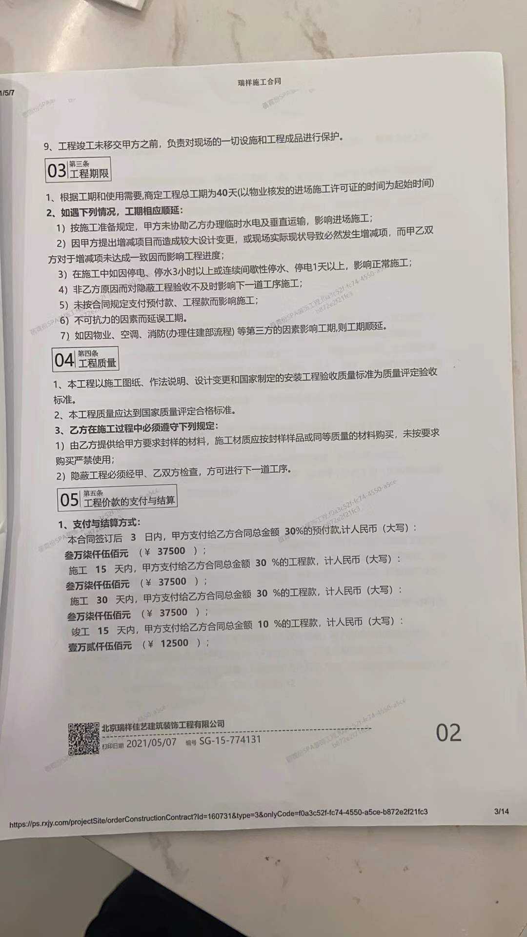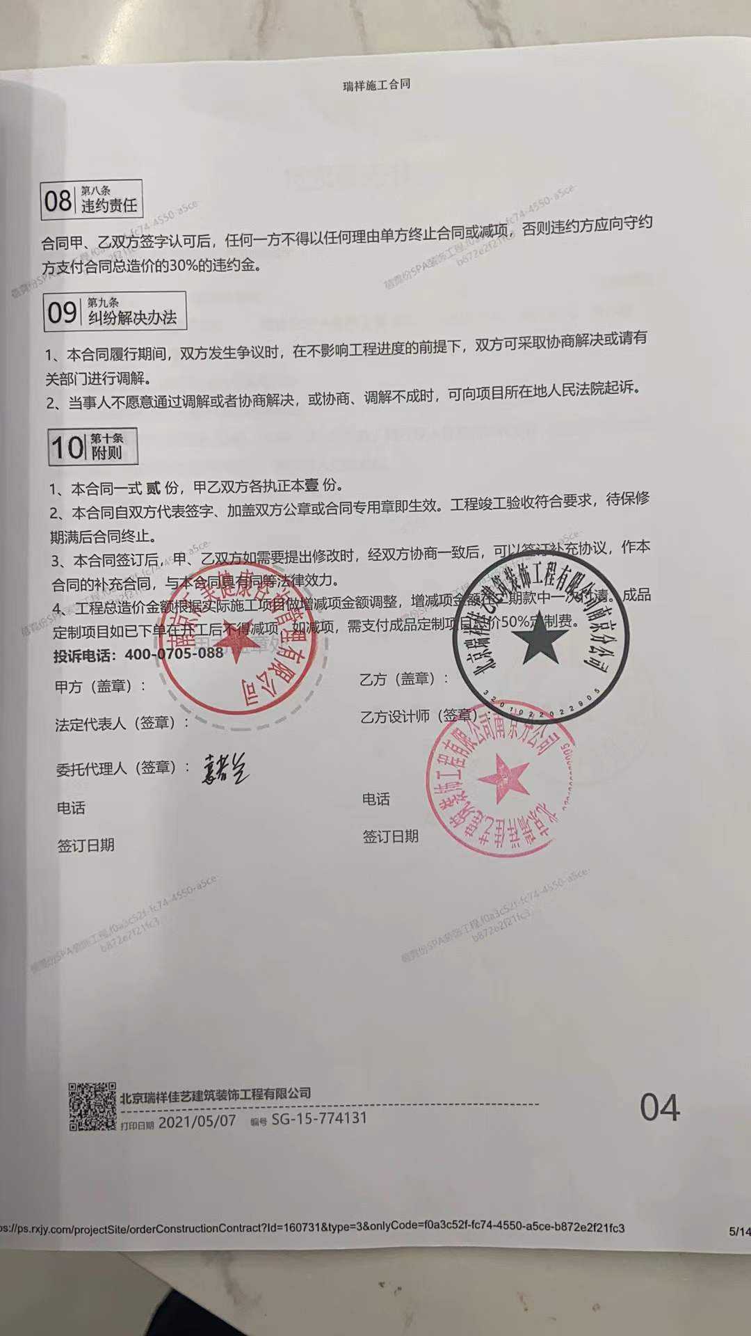 对 瑞祥佳艺建筑装饰 的投诉依据:
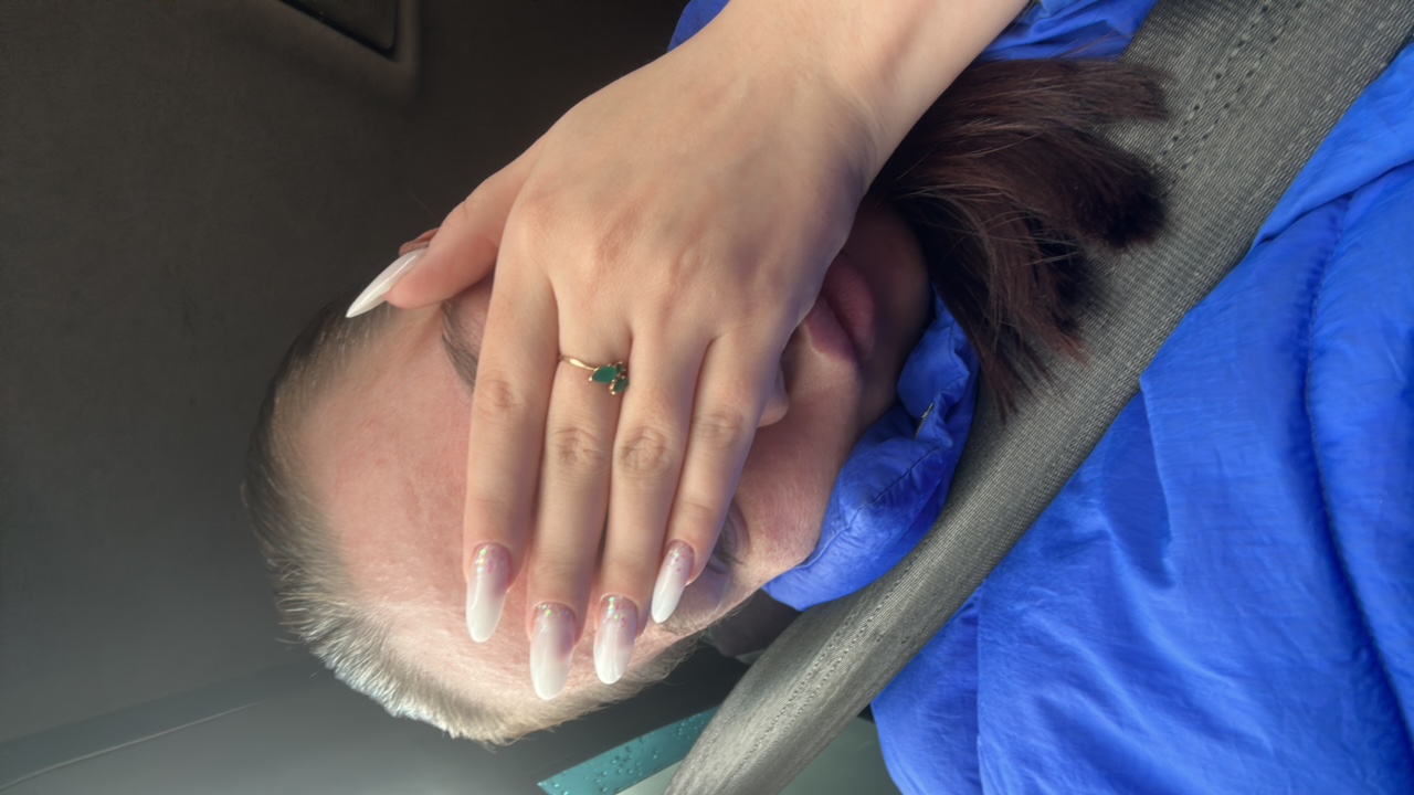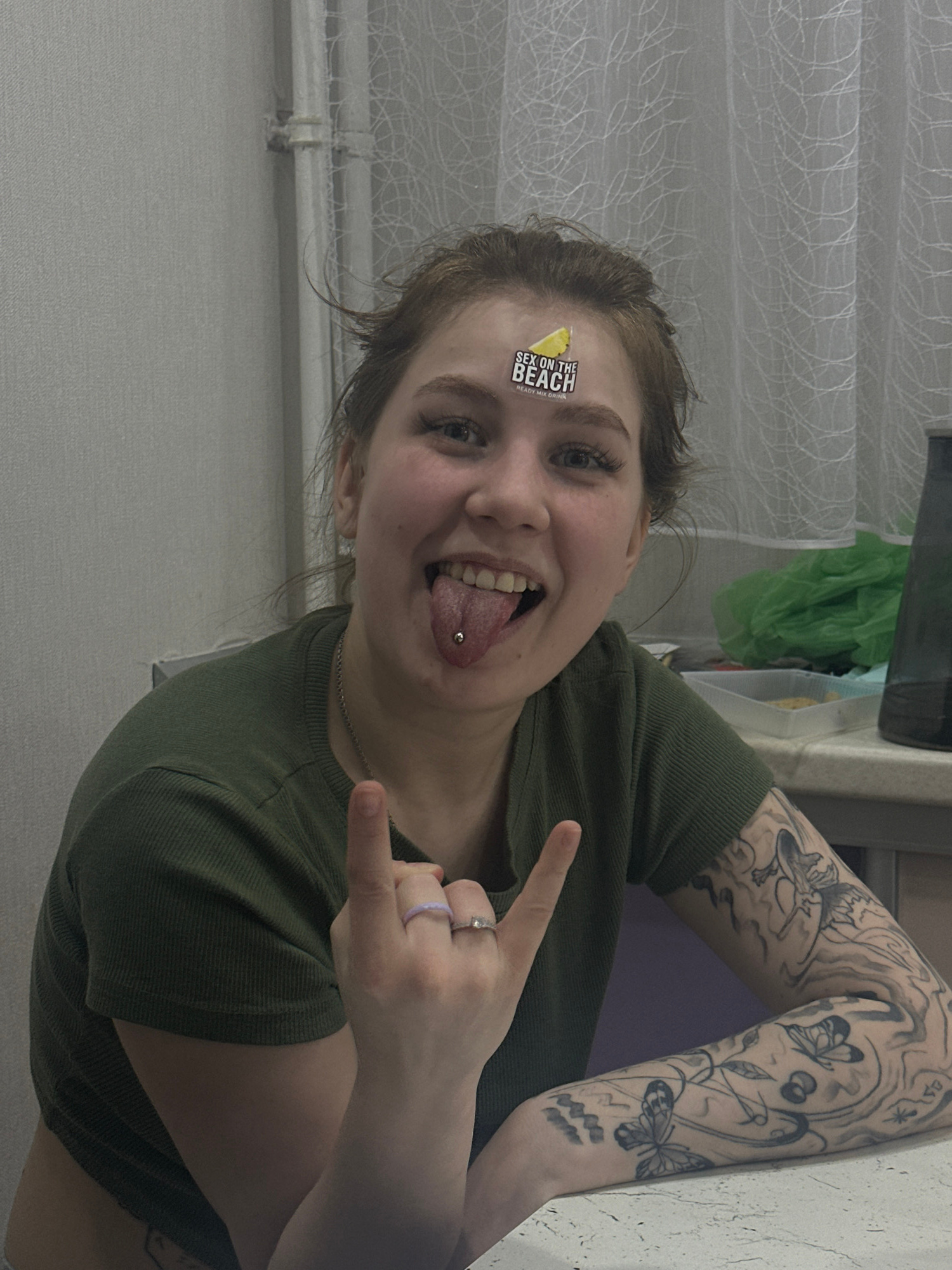 A fair-skinned young woman poses indoors, wearing a green short-sleeved shirt. She has light brown hair and a sticker on her forehead that reads "SEX ON THE BEACH". Her tongue is sticking out, reveali…read more
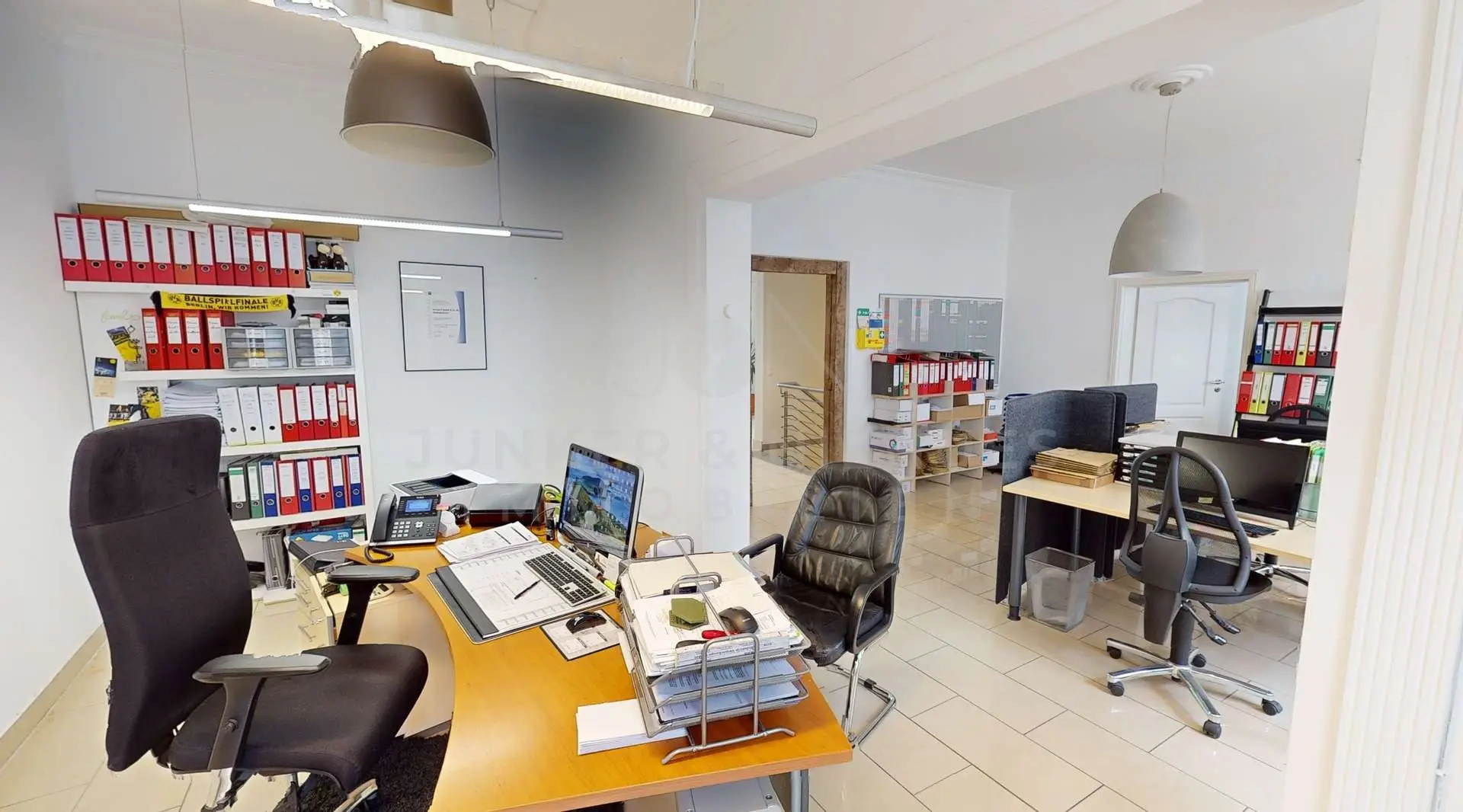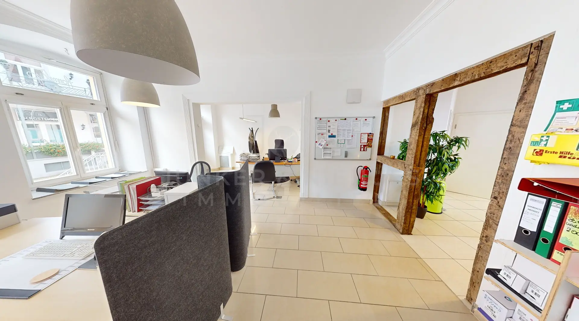 Die Gewerbefläche besteht aus drei großzügigen, lichtdurchfluteten Räumen, die ideal als Büro, Praxis oder Atelier genutzt werden können. Die Räume sind stilvoll gestaltet und bieten durch die großen Fenster viel natürliches Licht, das den klassischen Altbauflair unterstreicht. Die Immobilie wurde 2002/2003 kernsaniert.
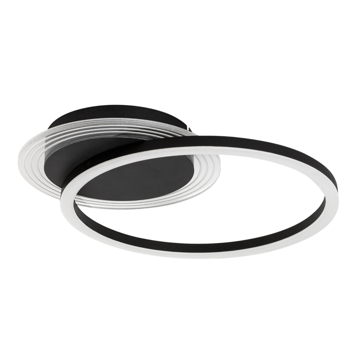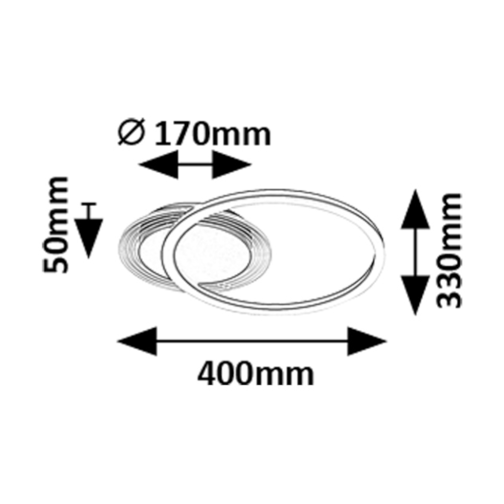 A nagyobbik lámpaelem gyűrűt formáz. Harmonikus megjelenésével és letisztult designjával a lámpa szinte bármely modern otthon berendezésébe beilleszthető. A mennyezeti lámpa beépített LED fényforrást tartalmaz, amely meleg fehér fényt sugároz, elősegítve a meghitt, otthonos hangulat megteremtését. Elsősorban a nappaliba, étkezőbe vagy hálószobába ajánljuk.
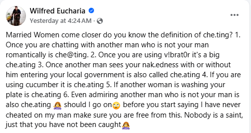 “Married Women come closer do you know the definition of cheating? 1. Once you are chatting with another man who is not your man romantically is cheating. 2. Once you are using v!brat0r it’s a big che.ating 3. Once another man sees your nak.edness with or without him entering your local government is also called che.ating 4. If you are using cucumber it is che.ating 5. If another woman is washing your plate is che.ating 6. Even admiring another man who is not your man is also che.ating. Should I go on before you start saying I have never cheated on my man make sure you are free from this. Nobody is a saint, just that you have not been caught,” she wrote in a Facebook post on Tuesday.
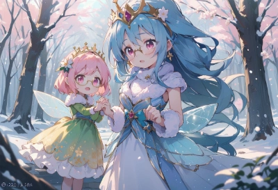 (右の娘)「冬が終わり、これからは春です、時の砂時計を引き継ぎます」って感じでしょうか(^^;; 右が冬、左が春の妖精さんのつもりです。 節分は冬から春の変わり目ってことで、季節のバトンタッチのイメージですね(^^; バトンをどうしようかと思ったんですが、時の流れを司るものかな〜と思い、また機械時計は何か違うなと思ったので、砂時計にしました(^^;; 1枚目はちょっと真面目な感じで、最初に作ったもの、2,3枚目は明るい雰囲気に変えてます(^_^;) プロンプトは1枚目のものを載せておきますが、蝋梅は認識できないみたいですね…^^;

- - - -

### [TASK PROMPT]
Only the text of the records belongs in the answer; reproduce it verbatim, with no pictures.

### [SOLUTION FOR THIS TASK]
 对 瑞祥佳艺建筑装饰 的投诉依据:
 A fair-skinned young woman poses indoors, wearing a green short-sleeved shirt. She has light brown hair and a sticker on her forehead that reads "SEX ON THE BEACH". Her tongue is sticking out, reveali…read more
 Die Gewerbefläche besteht aus drei großzügigen, lichtdurchfluteten Räumen, die ideal als Büro, Praxis oder Atelier genutzt werden können. Die Räume sind stilvoll gestaltet und bieten durch die großen Fenster viel natürliches Licht, das den klassischen Altbauflair unterstreicht. Die Immobilie wurde 2002/2003 kernsaniert.
 A nagyobbik lámpaelem gyűrűt formáz. Harmonikus megjelenésével és letisztult designjával a lámpa szinte bármely modern otthon berendezésébe beilleszthető. A mennyezeti lámpa beépített LED fényforrást tartalmaz, amely meleg fehér fényt sugároz, elősegítve a meghitt, otthonos hangulat megteremtését. Elsősorban a nappaliba, étkezőbe vagy hálószobába ajánljuk.
 “Married Women come closer do you know the definition of cheating? 1. Once you are chatting with another man who is not your man romantically is cheating. 2. Once you are using v!brat0r it’s a big che.ating 3. Once another man sees your nak.edness with or without him entering your local government is also called che.ating 4. If you are using cucumber it is che.ating 5. If another woman is washing your plate is che.ating 6. Even admiring another man who is not your man is also che.ating. Should I go on before you start saying I have never cheated on my man make sure you are free from this. Nobody is a saint, just that you have not been caught,” she wrote in a Facebook post on Tuesday.
 (右の娘)「冬が終わり、これからは春です、時の砂時計を引き継ぎます」って感じでしょうか(^^;; 右が冬、左が春の妖精さんのつもりです。 節分は冬から春の変わり目ってことで、季節のバトンタッチのイメージですね(^^; バトンをどうしようかと思ったんですが、時の流れを司るものかな〜と思い、また機械時計は何か違うなと思ったので、砂時計にしました(^^;; 1枚目はちょっと真面目な感じで、最初に作ったもの、2,3枚目は明るい雰囲気に変えてます(^_^;) プロンプトは1枚目のものを載せておきますが、蝋梅は認識できないみたいですね…^^;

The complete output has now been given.